Content starts
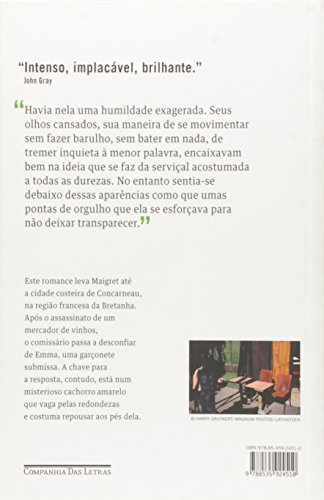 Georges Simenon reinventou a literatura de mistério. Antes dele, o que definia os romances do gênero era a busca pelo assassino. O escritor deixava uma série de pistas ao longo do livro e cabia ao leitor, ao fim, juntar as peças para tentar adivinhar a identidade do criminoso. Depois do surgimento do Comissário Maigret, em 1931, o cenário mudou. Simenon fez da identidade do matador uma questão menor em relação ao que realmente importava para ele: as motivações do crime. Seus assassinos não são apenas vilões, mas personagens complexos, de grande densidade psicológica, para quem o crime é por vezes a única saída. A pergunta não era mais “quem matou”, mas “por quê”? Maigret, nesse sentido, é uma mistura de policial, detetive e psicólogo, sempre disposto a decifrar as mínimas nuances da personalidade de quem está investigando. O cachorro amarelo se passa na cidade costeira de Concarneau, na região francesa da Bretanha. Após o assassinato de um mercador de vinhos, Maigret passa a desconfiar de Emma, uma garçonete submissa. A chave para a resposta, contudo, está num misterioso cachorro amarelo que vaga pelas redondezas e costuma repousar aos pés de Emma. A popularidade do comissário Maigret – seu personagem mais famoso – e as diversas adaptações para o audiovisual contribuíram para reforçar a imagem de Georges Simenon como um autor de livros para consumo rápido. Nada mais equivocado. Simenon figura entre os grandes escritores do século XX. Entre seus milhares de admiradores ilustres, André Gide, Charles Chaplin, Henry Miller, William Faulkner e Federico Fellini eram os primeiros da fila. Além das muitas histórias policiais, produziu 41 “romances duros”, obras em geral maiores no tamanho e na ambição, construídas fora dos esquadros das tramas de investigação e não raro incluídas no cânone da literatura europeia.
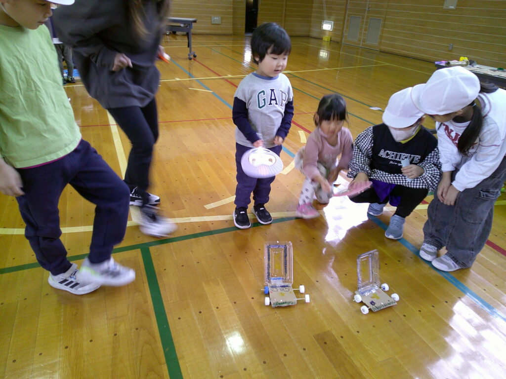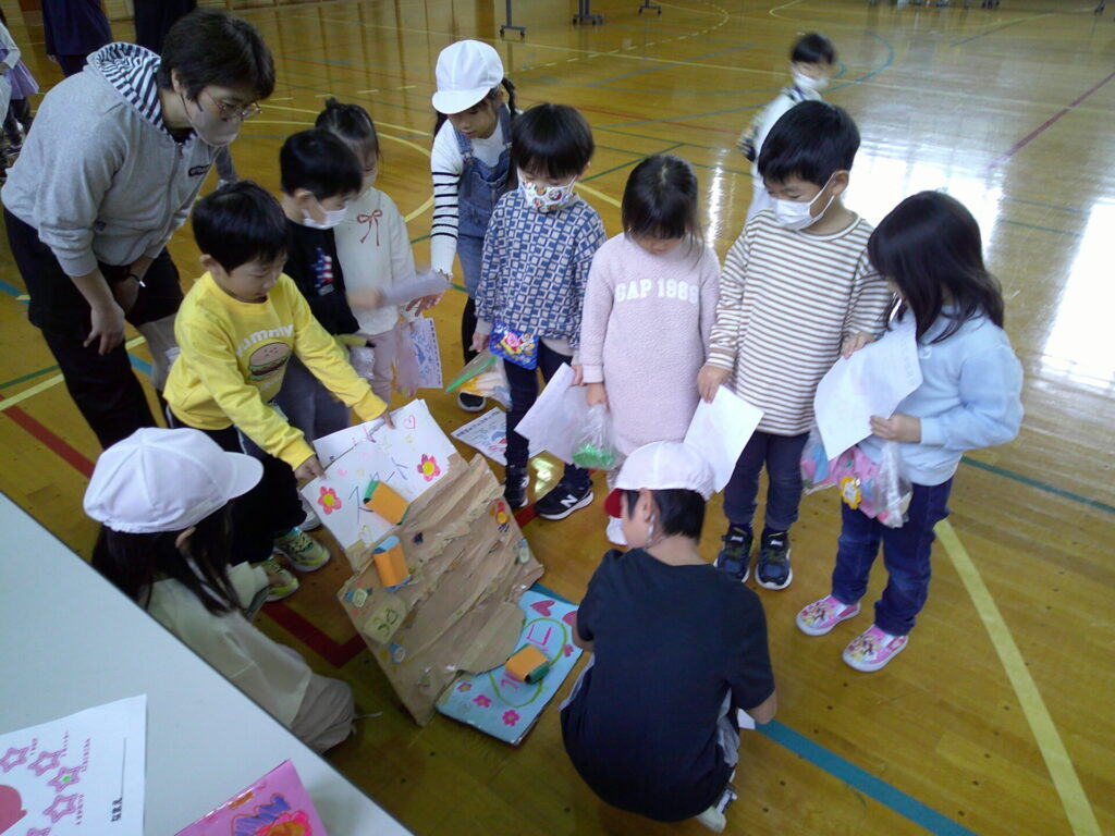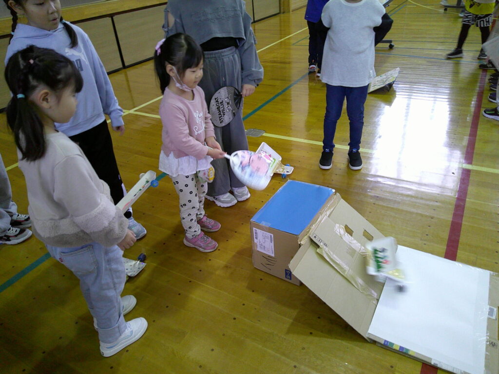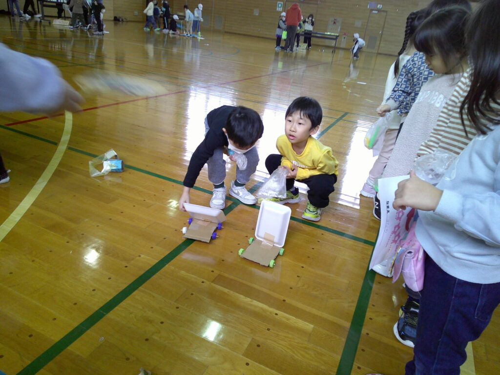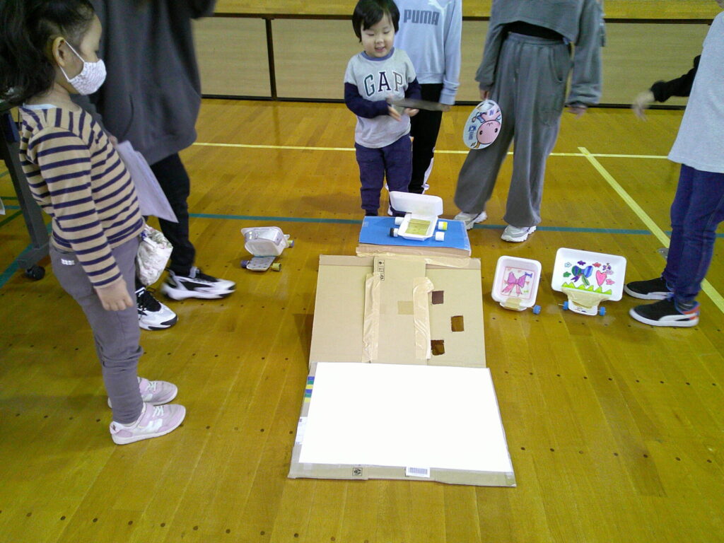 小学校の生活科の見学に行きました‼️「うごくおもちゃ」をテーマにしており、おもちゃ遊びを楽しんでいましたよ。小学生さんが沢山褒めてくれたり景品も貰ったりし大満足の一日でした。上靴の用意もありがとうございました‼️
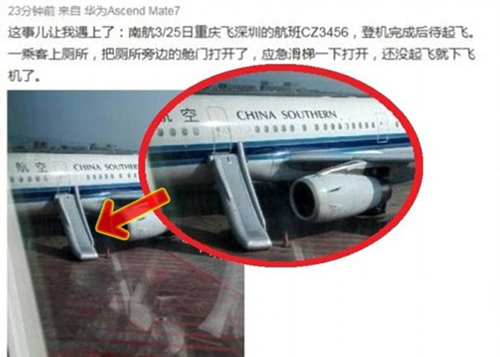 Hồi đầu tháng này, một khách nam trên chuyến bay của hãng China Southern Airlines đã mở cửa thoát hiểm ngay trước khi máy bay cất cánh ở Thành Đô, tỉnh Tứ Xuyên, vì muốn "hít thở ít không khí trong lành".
Content ends
■ **WHAT YOU HAVE TO DO**
Reproduce the material word for word, minus the images.

■ **RESPONSE TO THIS TASK**
 Georges Simenon reinventou a literatura de mistério. Antes dele, o que definia os romances do gênero era a busca pelo assassino. O escritor deixava uma série de pistas ao longo do livro e cabia ao leitor, ao fim, juntar as peças para tentar adivinhar a identidade do criminoso. Depois do surgimento do Comissário Maigret, em 1931, o cenário mudou. Simenon fez da identidade do matador uma questão menor em relação ao que realmente importava para ele: as motivações do crime. Seus assassinos não são apenas vilões, mas personagens complexos, de grande densidade psicológica, para quem o crime é por vezes a única saída. A pergunta não era mais “quem matou”, mas “por quê”? Maigret, nesse sentido, é uma mistura de policial, detetive e psicólogo, sempre disposto a decifrar as mínimas nuances da personalidade de quem está investigando. O cachorro amarelo se passa na cidade costeira de Concarneau, na região francesa da Bretanha. Após o assassinato de um mercador de vinhos, Maigret passa a desconfiar de Emma, uma garçonete submissa. A chave para a resposta, contudo, está num misterioso cachorro amarelo que vaga pelas redondezas e costuma repousar aos pés de Emma. A popularidade do comissário Maigret – seu personagem mais famoso – e as diversas adaptações para o audiovisual contribuíram para reforçar a imagem de Georges Simenon como um autor de livros para consumo rápido. Nada mais equivocado. Simenon figura entre os grandes escritores do século XX. Entre seus milhares de admiradores ilustres, André Gide, Charles Chaplin, Henry Miller, William Faulkner e Federico Fellini eram os primeiros da fila. Além das muitas histórias policiais, produziu 41 “romances duros”, obras em geral maiores no tamanho e na ambição, construídas fora dos esquadros das tramas de investigação e não raro incluídas no cânone da literatura europeia.
 小学校の生活科の見学に行きました‼️「うごくおもちゃ」をテーマにしており、おもちゃ遊びを楽しんでいましたよ。小学生さんが沢山褒めてくれたり景品も貰ったりし大満足の一日でした。上靴の用意もありがとうございました‼️
 Hồi đầu tháng này, một khách nam trên chuyến bay của hãng China Southern Airlines đã mở cửa thoát hiểm ngay trước khi máy bay cất cánh ở Thành Đô, tỉnh Tứ Xuyên, vì muốn "hít thở ít không khí trong lành".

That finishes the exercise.